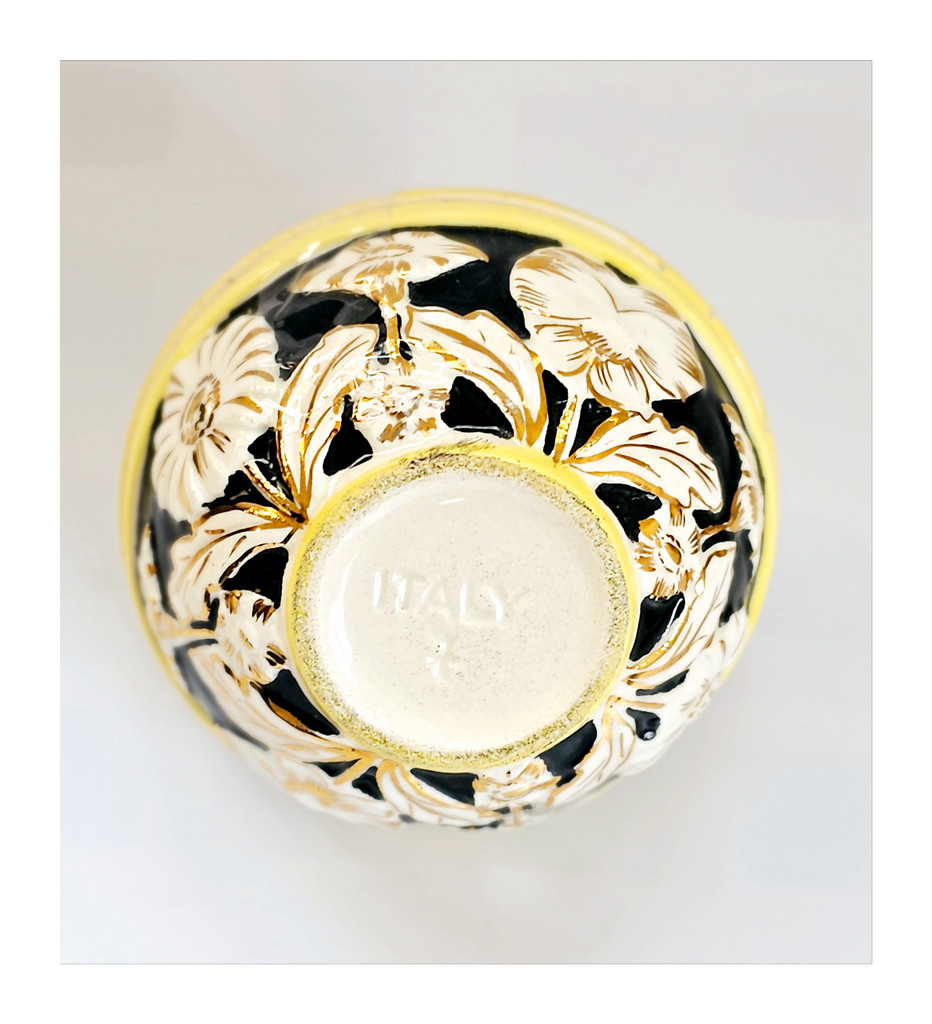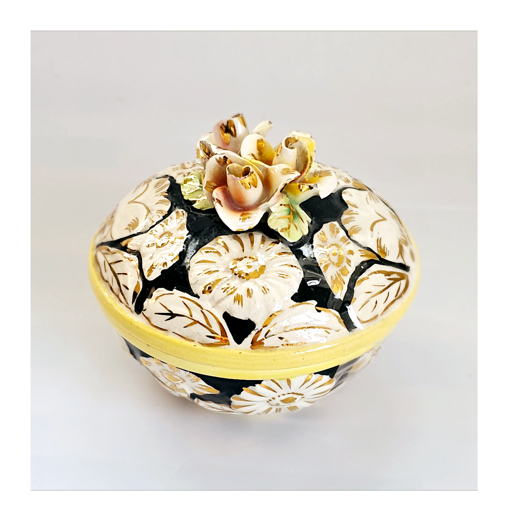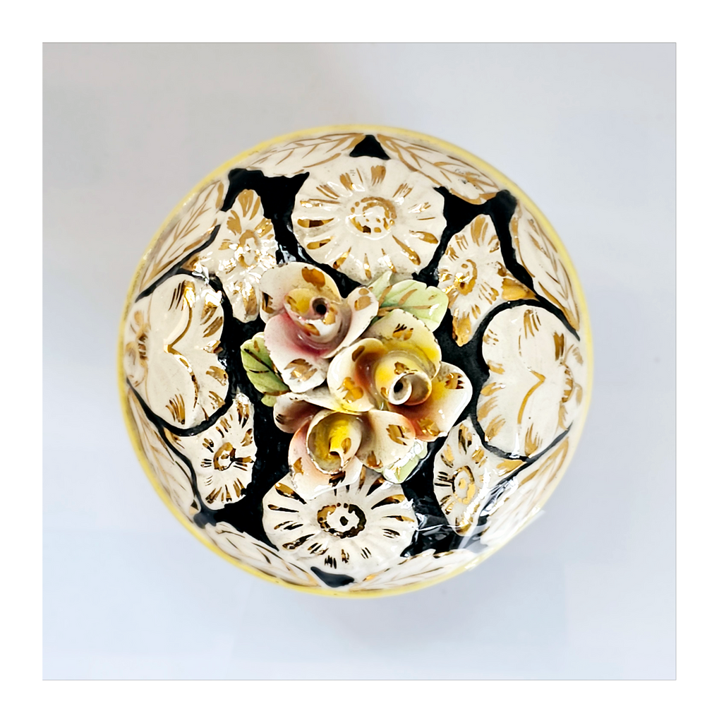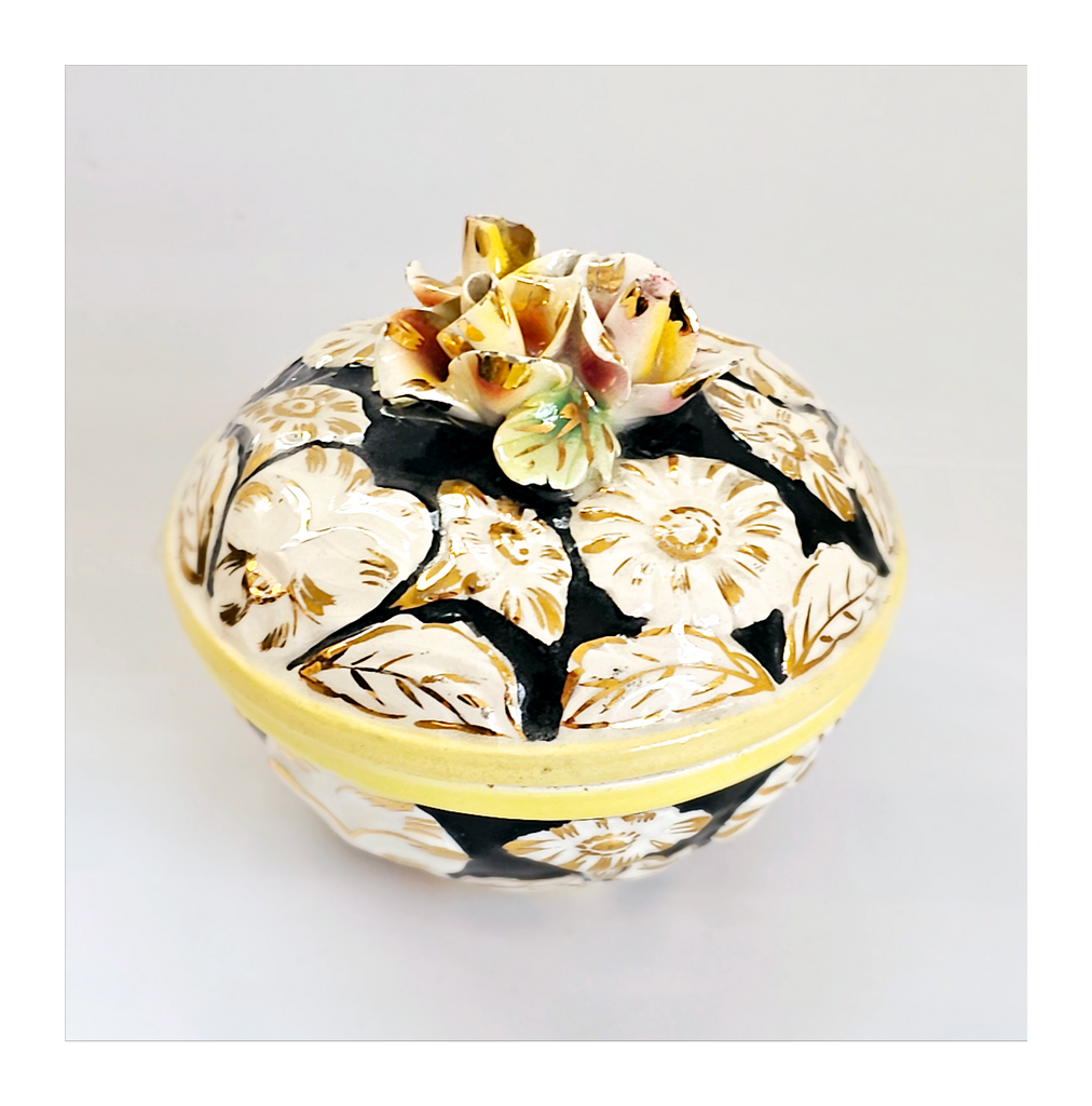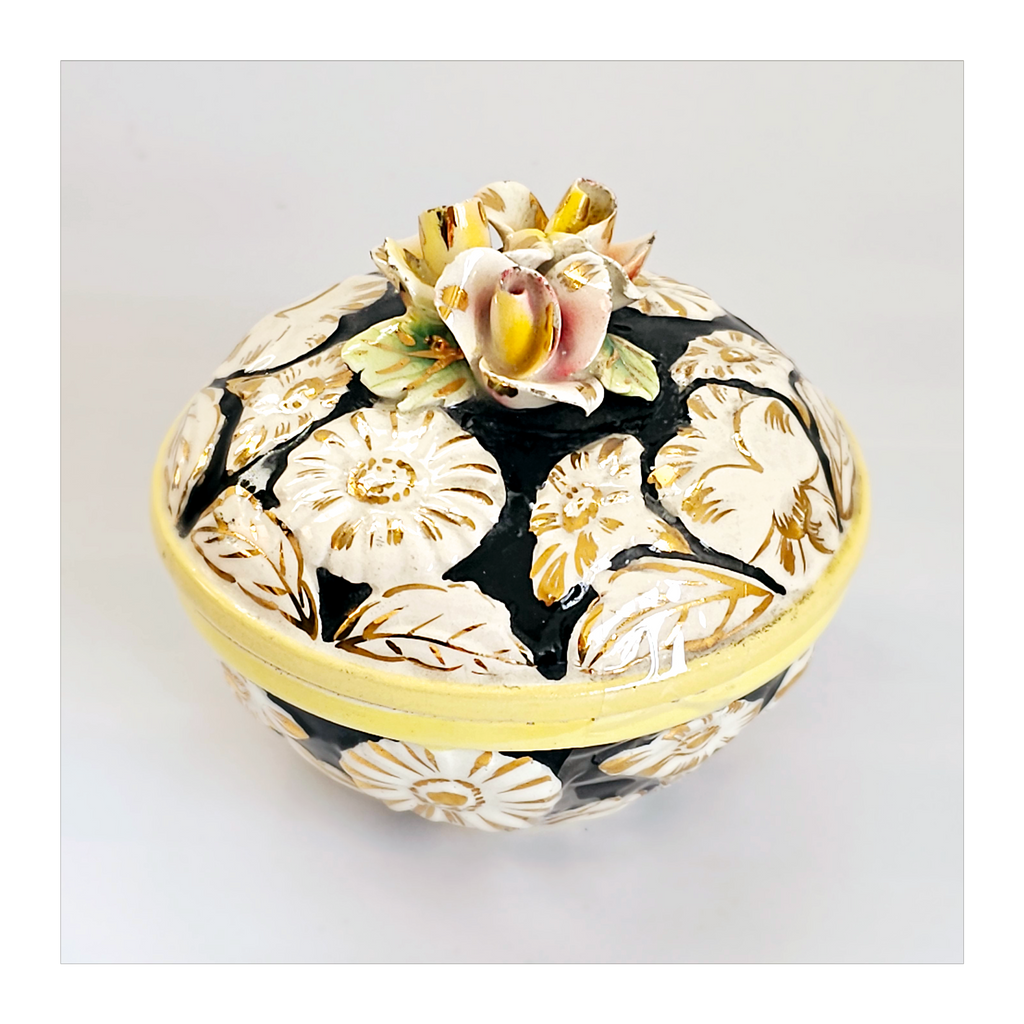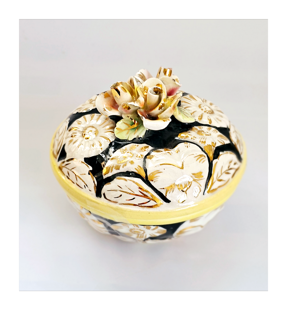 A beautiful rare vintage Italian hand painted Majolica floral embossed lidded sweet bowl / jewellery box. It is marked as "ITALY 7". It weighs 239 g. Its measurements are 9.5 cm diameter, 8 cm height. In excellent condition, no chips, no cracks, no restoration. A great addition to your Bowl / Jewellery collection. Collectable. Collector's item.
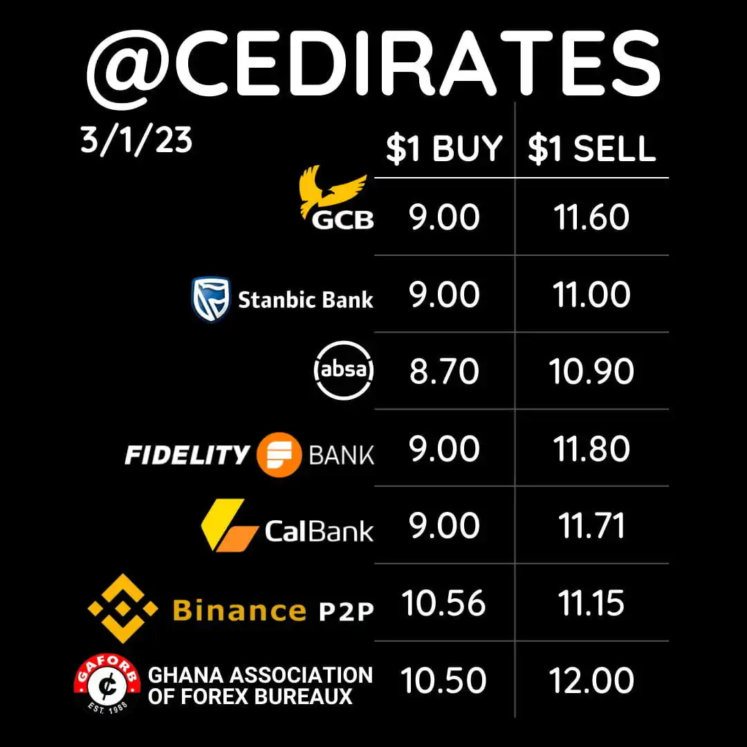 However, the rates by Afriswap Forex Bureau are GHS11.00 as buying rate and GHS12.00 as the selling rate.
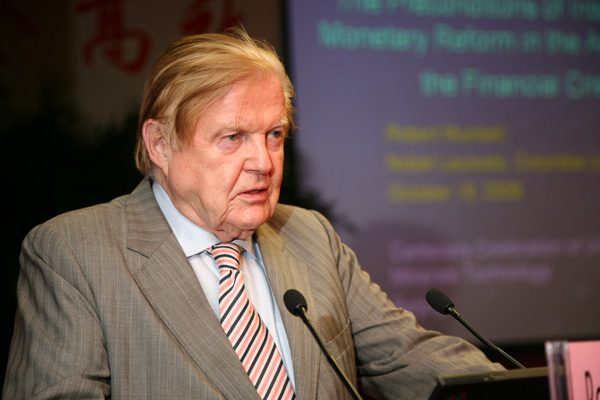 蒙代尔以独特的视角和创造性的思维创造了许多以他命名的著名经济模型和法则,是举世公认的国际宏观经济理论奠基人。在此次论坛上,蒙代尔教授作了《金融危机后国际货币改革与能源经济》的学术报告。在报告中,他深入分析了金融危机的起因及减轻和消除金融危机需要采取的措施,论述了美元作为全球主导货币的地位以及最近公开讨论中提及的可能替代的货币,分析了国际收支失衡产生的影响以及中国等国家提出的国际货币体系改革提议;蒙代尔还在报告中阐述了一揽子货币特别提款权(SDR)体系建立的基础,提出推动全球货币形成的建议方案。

What the exercise asks:
Would you transcribe all of the data exactly, apart from its pictures?

Exercise response:
 A beautiful rare vintage Italian hand painted Majolica floral embossed lidded sweet bowl / jewellery box. It is marked as "ITALY 7". It weighs 239 g. Its measurements are 9.5 cm diameter, 8 cm height. In excellent condition, no chips, no cracks, no restoration. A great addition to your Bowl / Jewellery collection. Collectable. Collector's item.
 However, the rates by Afriswap Forex Bureau are GHS11.00 as buying rate and GHS12.00 as the selling rate.
 蒙代尔以独特的视角和创造性的思维创造了许多以他命名的著名经济模型和法则,是举世公认的国际宏观经济理论奠基人。在此次论坛上,蒙代尔教授作了《金融危机后国际货币改革与能源经济》的学术报告。在报告中,他深入分析了金融危机的起因及减轻和消除金融危机需要采取的措施,论述了美元作为全球主导货币的地位以及最近公开讨论中提及的可能替代的货币,分析了国际收支失衡产生的影响以及中国等国家提出的国际货币体系改革提议;蒙代尔还在报告中阐述了一揽子货币特别提款权(SDR)体系建立的基础,提出推动全球货币形成的建议方案。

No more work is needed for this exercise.